Claude Code CLI on the machine that will call the server (obviously).

Install

git clone <this repo> CodeBrain
cd CodeBrain
python -m venv .venv
.venv\Scripts\activate                         # on Windows
# source .venv/bin/activate                    # on macOS / Linux
pip install -e .

Configure Claude Code

Add CodeBrain to your Claude Code MCP config. On Windows, that's usually ~/.claude.json (adjust path to where you cloned):

{
  "mcpServers": {
    "codebrain": {
      "command": "C:\\Users\\YOU\\Desktop\\CodeBrain\\.venv\\Scripts\\python.exe",
      "args": ["-m", "codebrain"]
    }
  }
}

Restart any Claude Code session — the five codebrain_* tools should now appear in the available-tools list.
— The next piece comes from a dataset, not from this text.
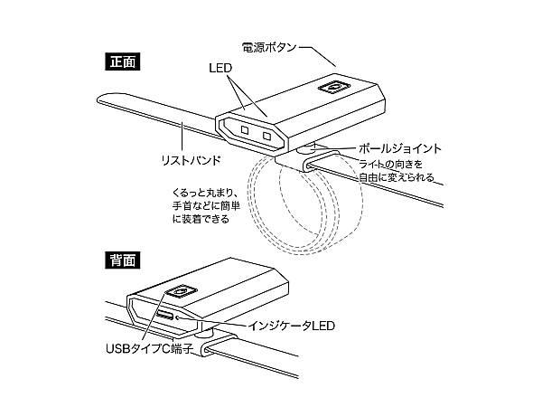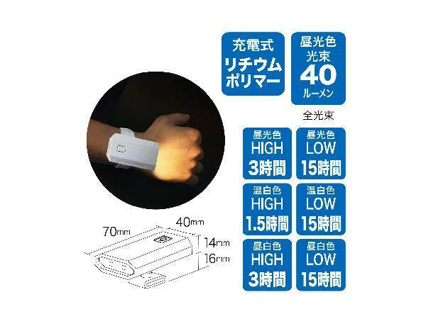 手元に光を!どこでも使える便利なLEDライト ●リストバンドで簡単に装着できるLEDライト ●昼光色・温白色・昼白色の3色の点灯が可能 ●明るさ無段階調光 ●充電式(リチウムポリマー) ●ボールジョイント ・ライトの向きを自由に変えられる ■ 仕様 ・本体サイズ・質量(リストバンド含む):70mm×45mm×75mm・43g ・本体サイズ・質量(本体のみ):70mm×40mm×30mm・30g ・使用光源:チップLED ・消費電力:2W ・LED数:2個 ・色温度 昼光色:7100K 温白色:3500K 昼白色:5000K ・全光束:40lm (昼光色) ・充電時間:1.6時間 ・連続点灯時間 昼光色:HIGH 3時間 / LOW 15時間 温白色:HIGH 1.5時間 / LOW 15時間 昼白色:HIGH 3時間 / LOW 15時間 ・内蔵電池:リチウムポリマー電池(3.7V 400mAh) ・充電端子:USBタイプC端子 ※USBタイプCケーブルとUSBアダプター(5V 1A)は、 付属していません。別途ご用意ください。 ・材質 ABS、シリコン ・原産国:中国

Keep brain files in sync automatically

Once you've run codebrain_init on a repo and scanned it with codebrain_scan_repo, you probably want brain files to refresh automatically whenever Claude edits source. Two pieces wire that up:

1. Project CLAUDE.md snippet — tell Claude to read brain files before opening source:

## Brain files

This repo has per-file `.brain` summaries next to each source file.
Before reading a full source file, read its `<path>.brain` sibling first.
Only open the source when the brain file is insufficient for the task.

2. PostToolUse hook — regenerate the brain after every Edit/Write.

Add to .claude/settings.json in the repo root:

{
  "hooks": {
    "PostToolUse": [
      {
        "matcher": "Edit|Write",
        "hooks": [
          {
            "type": "command",
            "command": "python -c \"import asyncio, json, sys; from codebrain.brain_scanner import scan_file; d = json.load(sys.stdin); p = d.get('tool_input', {}).get('file_path'); p and p.endswith(('.py', '.ts', '.tsx', '.js', '.jsx', '.java', '.go', '.rs')) and print(asyncio.run(scan_file(p)))\""
          }
        ]
      }
    ]
  }
}

The hook inspects the edited path, skips non-source files via the extension filter, and kicks off a scan. Hash-gated: unchanged files don't hit Qwen.

Sanity check

Inside a Claude Code session, ask Claude:

Call codebrain_status and tell me what's installed.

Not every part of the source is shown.